Applying sine angle on both the sides,

\[ \Rightarrow \sin \left( {\dfrac{{\angle {\text{B}} + \angle {\text{C}}}}{2}} \right) = \sin \left( {{{90}^0} - \dfrac{{\angle {\text{A}}}}{2}} \right)\]

\[ \Rightarrow \cos \left( {\dfrac{{\text{A}}}{2}} \right)\]

7. Express \[\sin {67^0} + \cos {75^0}\] in terms of trigonometric ratios of angles between \[{0^0}\] and \[{45^0}\].

Ans: \[\sin {67^0} + \cos {75^0}\]

We know that \[{\text{cos(9}}{{\text{0}}^{\text{0}}}{{ - \theta ) = sin\theta }}\] and \[{\text{sin(9}}{{\text{0}}^{\text{0}}}{{ - \theta ) = cos\theta }}\]

\[ \Rightarrow \sin ({90^0} - {23^0}) + \cos ({90^0} - {15^0})\]

\[ \Rightarrow \cos {23^0} + \sin {15^0}\]

NCERT Solution Of Maths Class 10 Chapter 8 Exercise 8.3 - Free PDF Download

NCERT Solutions for Class 10 Maths Chapter 8 Exercise 8.3: History of Trigonometry

The word trigonometry, as you will be informed in exercise 8.3 class 10 Maths, finds its root in ancient Greek words where “tri” means three, “gon” means sides, and “metron” means measure.
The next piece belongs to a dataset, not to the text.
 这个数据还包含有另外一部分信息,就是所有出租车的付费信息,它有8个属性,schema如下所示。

Thus the sides and angles of a triangle are the main base of calculation in trigonometry. Egypt and Babylon, ex 8.3 class 10 Maths solutions suggest, were among the first countries where trigonometry was used for calculating the distance of Earth from other planets and stars. The advancement of technology is dependent on trigonometry to a great extent and be it Engineering or Physical Science- it is used by and large.

Important Topics under NCERT Solutions for Class 10 Maths Chapter 8 Exercise 8.3

NCERT Solutions Class 10 Maths Chapter 8 cover the concepts of Introduction to Trigonometry. This is one of the most important chapters covered in Class 10 and is divided into 6 major parts. The following table comprises the important topics covered in the chapter Introduction to Trigonometry. 
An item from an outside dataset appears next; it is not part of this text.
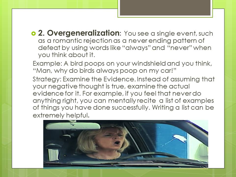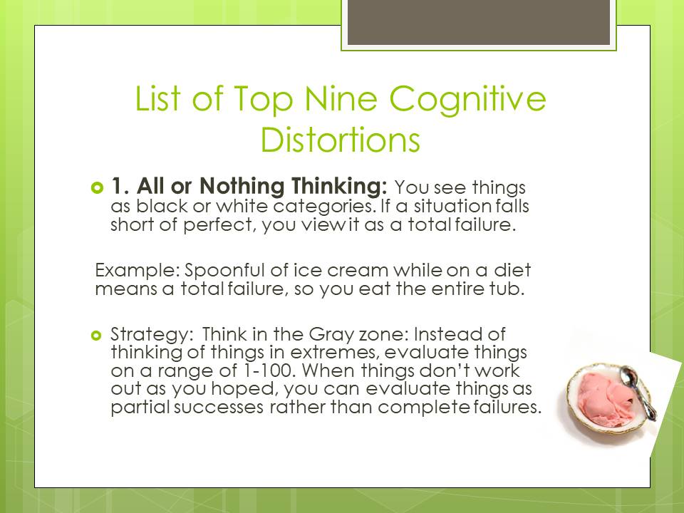While there are a myriad of cognitive distortions, below you will find my list of the top 9 cognitive distortions and more importantly the individual strategies to be able to address them.
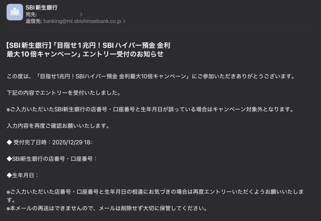 SBI新生銀行の「SBIハイパー預金 金利最大10倍キャンペーン」の特典には、キャンペーンにエントリーが必要。自身でも危うかったのは、SBIハイパー預金口座の開設にて、エントリーも済んだ気になっていたこと。先ほど念の為にとエントリーの操作をしたら、受付確認メールが “初めて” 届いてしまった。

We recommend that students go through each of these topics carefully to be able to master this chapter and solve problems in their exams based on Trigonometry.

Importance of Trigonometry in Mathematics

Trigonometry is the branch of mathematics dealing with relations between the sides and angles of triangles, along with the relevant functions that are related to the angles.

Trigonometry is a very important area that is covered in Class 10 Mathematics. It integrates the understanding of some of the most significant concepts and problem-solving abilities among students. Trigonometry has numerous applications in our day-to-day lives. It is thus recommended that students gather as much knowledge as they can on the topics that are covered in the chapter Introduction to Trigonometry to be able to score well in their exams.

Class 10 Maths Exercise 8.3: What is it All About

While in the first portions of the chapter you get to know about the trigonometric ratio of angles, class 10 Maths ch 8 ex 8.3 focuses on trigonometric ratios of complementary angles. Here you will again be reminded of what makes two angles complementary. When the sum of two angles equals 90o, they are referred to as complementary angles. In class 10 Maths chapter 8 exercise 8.3 you will come across an example of a triangle that has a 90o angle. Now if the other two angles sum up to be 90o, then each of them will be 45o and hence, complementary.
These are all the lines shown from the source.